The main result concerning impulse is the following: $$ I = \Delta p $$ In other words, the impulse applied to an object will determine its change of momentum. Intuitively this makes sense because the harder you push and the longer you push (i.e. larger \(F\Delta t\)), the more you could change the motion of an object. This could be proven mathematically using Newton's Second Law: $$ \begin{eqnarray} F&=&ma \\ &=& m \frac{dv}{dt} = \frac{d (mv)}{dt} \\ &=& \frac{dp}{dt} \\ \Rightarrow F &\approx& \frac{\Delta p}{\Delta t} \\ \Rightarrow F \Delta t &\approx& \Delta p \\ \Rightarrow I &\approx& \Delta p \end{eqnarray} $$

The impulse of the force over \(10s\) is: $$ I = F \Delta t = (5N)(10s) = 50Ns $$ This gives the change in momentum: $$ \Delta p = I = 50Ns = 50kgm/s $$ The change in velocity could be found by noting \(\Delta p = \Delta (mv) = m \Delta v\): $$ m \Delta v = 50kgm/s \Rightarrow \Delta v = \frac{50kgm/s}{2kg} = 25 m/s $$

Try It Yourself (click to show)

$$ \begin{eqnarray} p_i &=& m u = (2)(3) = 6kgm/s\\ p_f &=& m v = (2) (-5) = -10kgm/s\\ \Delta p &=& p_f - p_i = -16kgm/s\\ \end{eqnarray} $$
$$ \begin{eqnarray} I &=& F \Delta t \\ \Rightarrow F &=& \frac{I}{\Delta t} = \frac{-16Ns}{0.1s} = -160N \end{eqnarray} $$ The negative sign means the force is pushing the ball to the left.

Center of Mass

Imagine you throw out a stick in a spinning motion (in the absence of gravity):

The motion looks really complicated. However, with the help of a special point, the center of mass, represented by a red dot below, the motion above could be separated into 2 simple motion:

Center of mass enables us to split complicated motion into linear motion and rotation, which we can then calculate separately.
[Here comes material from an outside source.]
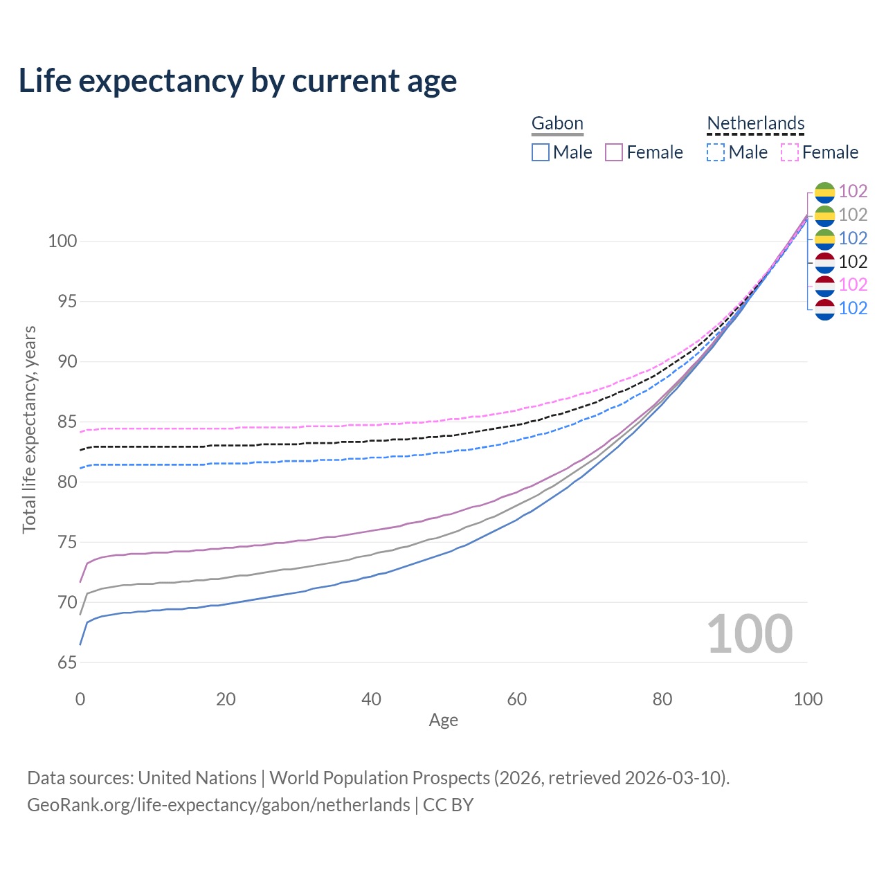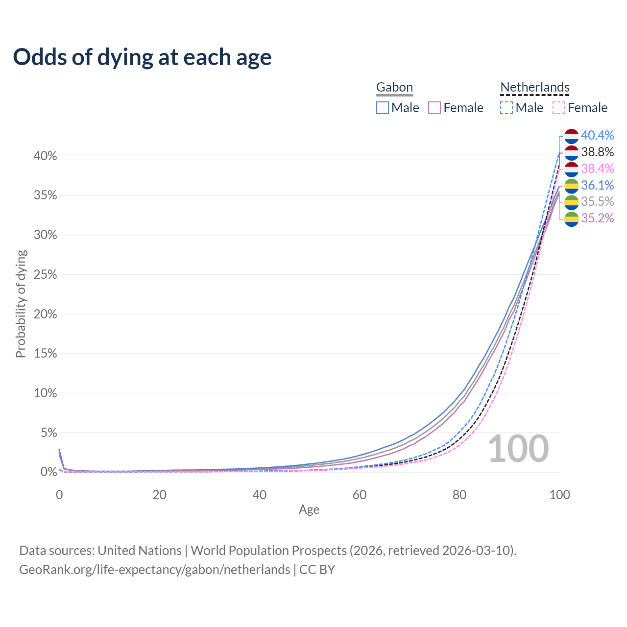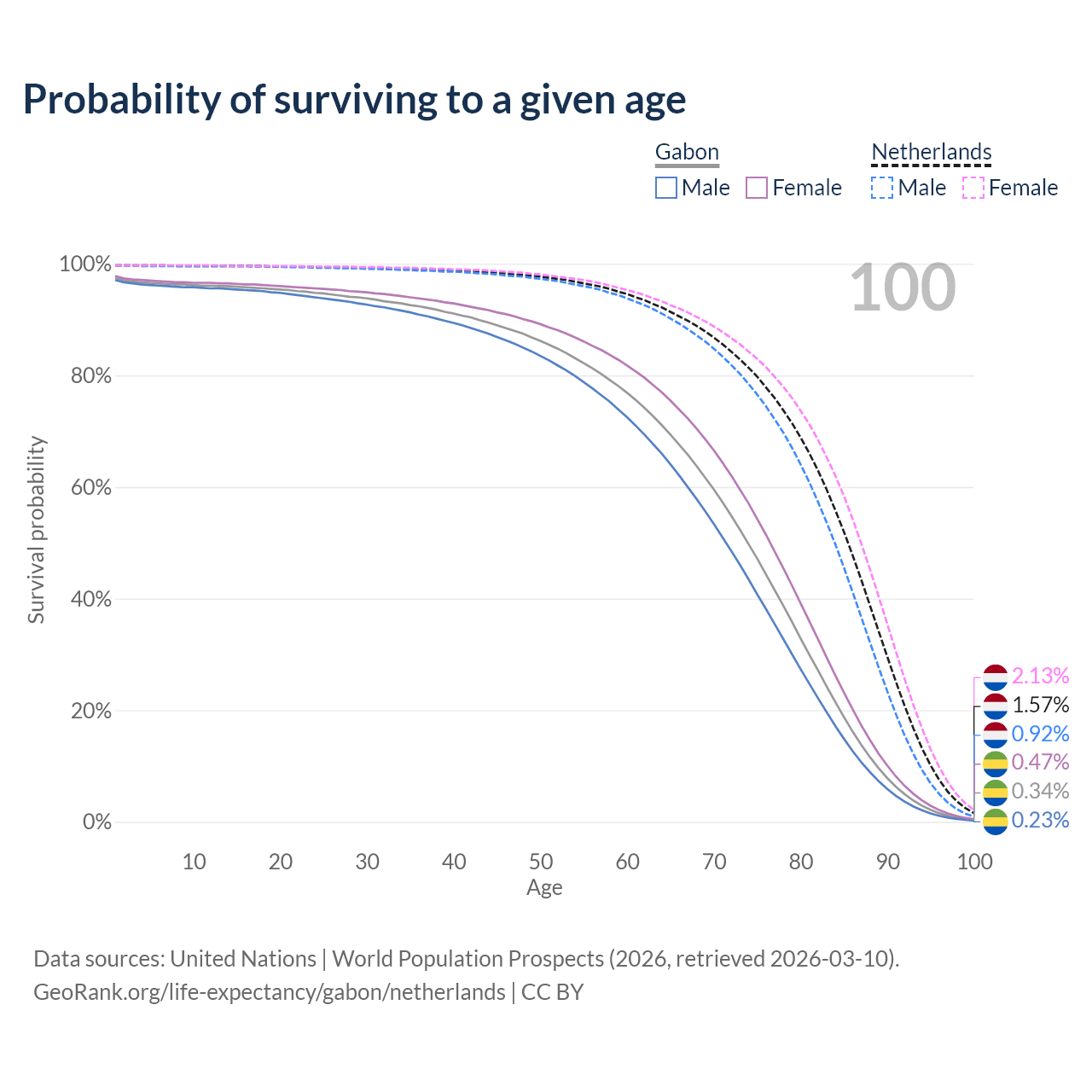 This life expectancy calculator shows the odds of living to 100, 95, 90, and below based on current age for both males and females in Gabon and the Netherlands, along with mean and median age of death. The calculations are based on the 2026 life tables (actuarial tables) from the UN World Population Prospects.

Here is another example, in the presence of gravity:

You already learned in an earlier chapter how to compute the motion of a point mass in projectile motion, once you learn (in the next few chapters) how to compute the rotation of the hammer, you will be able to describe the complicated motion of the hammer and any other big (non-point-like) objects completely.
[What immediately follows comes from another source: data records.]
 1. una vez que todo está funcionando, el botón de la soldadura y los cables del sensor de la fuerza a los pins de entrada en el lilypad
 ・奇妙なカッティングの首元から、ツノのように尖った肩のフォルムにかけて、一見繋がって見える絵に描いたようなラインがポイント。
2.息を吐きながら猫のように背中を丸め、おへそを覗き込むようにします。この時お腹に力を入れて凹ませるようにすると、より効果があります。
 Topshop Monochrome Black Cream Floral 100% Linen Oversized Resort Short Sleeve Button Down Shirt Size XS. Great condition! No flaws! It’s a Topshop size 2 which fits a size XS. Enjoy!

The basic formula for the center of mass is: $$ x_{CM} = \frac{m_1 x_1 + m_2 x_2}{m_1 + m_2} $$

The formula could be easily generalized to three or more masses, and in higher dimensions. For example, the center of mass of three objects along the y axis is: $$ y_{CM} = \frac{m_1 y_1 + m_2 y_2 + m_3 y_3}{m_1 + m_2 + m_3} $$

$$ \begin{eqnarray} x_{CM} &=& \frac{m_1 x_1 + m_2 x_2}{m_1 + m_2} \\ &=& \frac{(4)(2)+ (6)(5)}{4+6} \\ &=& 3.8m \end{eqnarray} $$
The coordinates of the three mass can be read off from the figure: $$ \begin{eqnarray} m_1: (0, 0) \\ m_2: (0, 3) \\ m_3: (4, 3) \end{eqnarray} $$ $$ \begin{eqnarray} x_{CM} &=& \frac{m_1 x_1 + m_2 x_2 + m_3 x_3}{m_1 + m_2+ m_3} \\ &=& \frac{(1)(0)+ (2)(0)+ (3)(4)}{1+2+3} \\ &=& 2m \\ y_{CM} &=& \frac{m_1 y_1 + m_2 y_2 + m_3 y_3}{m_1 + m_2+ m_3} \\ &=& \frac{(1)(0)+ (2)(3)+ (3)(3)}{1+2+3} \\ &=& 2.5m \end{eqnarray} $$

In summary the center of mass is at: $$ (2, 2.5)m $$

Simulation - Center of Mass (click to hide)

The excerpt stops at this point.